The plot of “Delicate Condition” is described on its back cover as indeed being about an actress named Anna Alcott who stars in independent movies and is indeed attempting to get pregnant via in vitro fertilization. Anna fears someone is hiding her injections — medicine, it seems, is going missing with alarming frequency — and is deliberately stopping her from having a baby. Eventually, Anna is told she’s miscarried her baby, which is alarming news to her, as she can still feel something growing and moving around inside of her. All of the spider-like imagery in “Delicate” TV ad campaigns might lead one to think that she is pregnant with a spider monster, although the spider may just be a metaphor.
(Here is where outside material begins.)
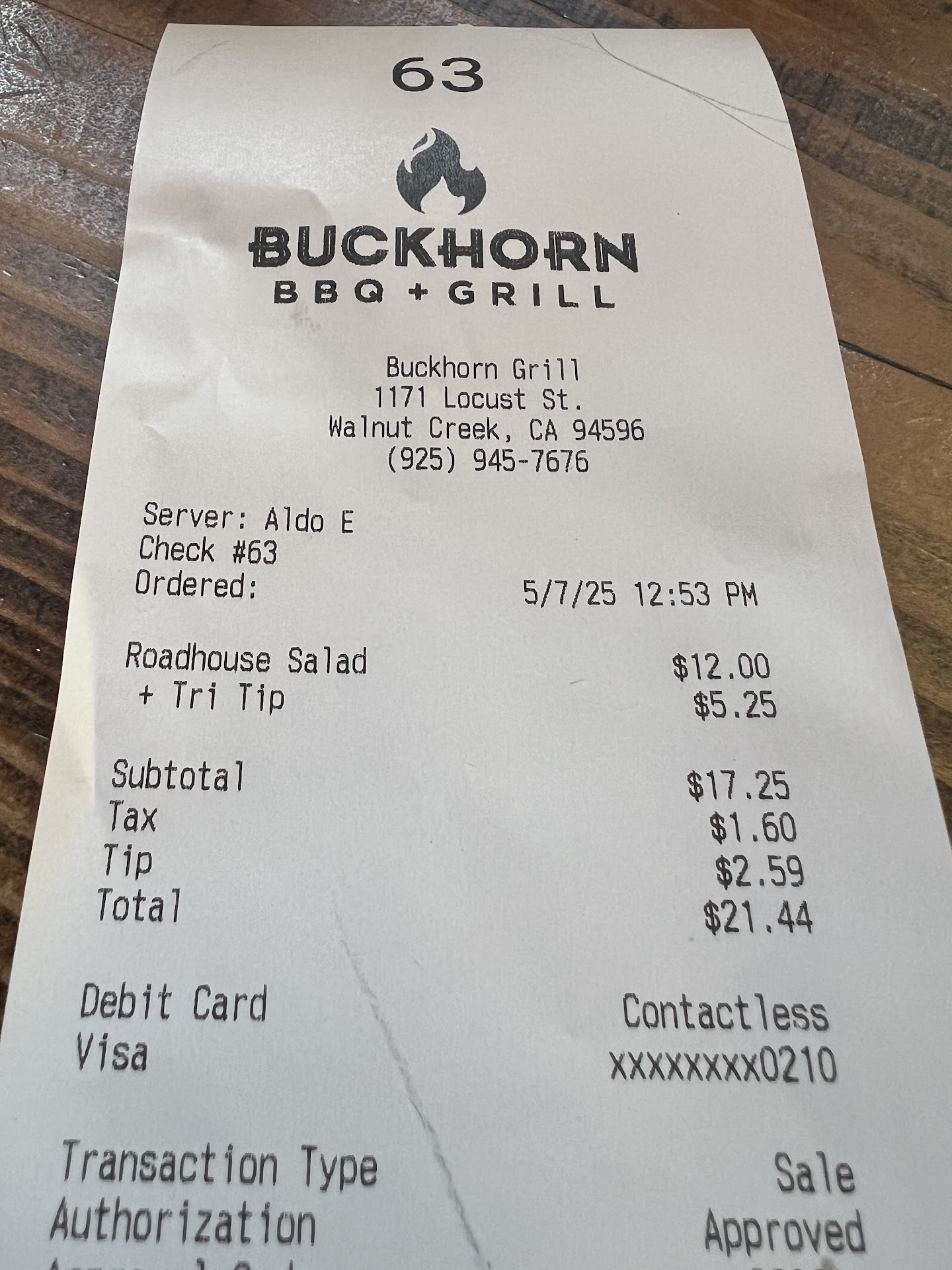 Ā Ā Ā Read moreI love the tritip salads at Buckhorn. The service and the food presentation here is normally good. This was our first time we were at this Buckhorn since Covid. We were the first ones in the door.

EW talked to Valentine who called her novel a horror story about pregnancy, a notoriously fraught time in a mother’s life. She said:
“It’s a novel exploring not just the actual physical gruesomeness of what pregnancy is, but also the medical gaslighting that even modern, very privileged women experience as they’re going through their pregnancies and the symptoms that I feel we as a culture still don’t talk about for strange reasons.”
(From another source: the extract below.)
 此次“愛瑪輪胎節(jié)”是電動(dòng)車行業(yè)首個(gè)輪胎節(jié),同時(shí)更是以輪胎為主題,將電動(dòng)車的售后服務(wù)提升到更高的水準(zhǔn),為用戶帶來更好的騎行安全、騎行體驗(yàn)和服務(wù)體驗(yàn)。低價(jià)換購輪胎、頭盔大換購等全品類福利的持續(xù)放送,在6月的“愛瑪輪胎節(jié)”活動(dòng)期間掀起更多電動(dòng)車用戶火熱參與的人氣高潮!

When asked if she took inspiration from Levin’s “Rosemary’s Baby,” one of the more famous horror stories of a terrifying journey of pregnancy, Valentine said she preferred to think of “Delicate Condition” as comparable to Ridley Scott’s 1979 film “Alien,” a film about a killer creature that incubates inside the abdomen of a human host before bursting out. The parallels to the body horror of pregnancy are quite clear.
Valentine, though, wanted to set the record straight, as “Alien” was made by cis men.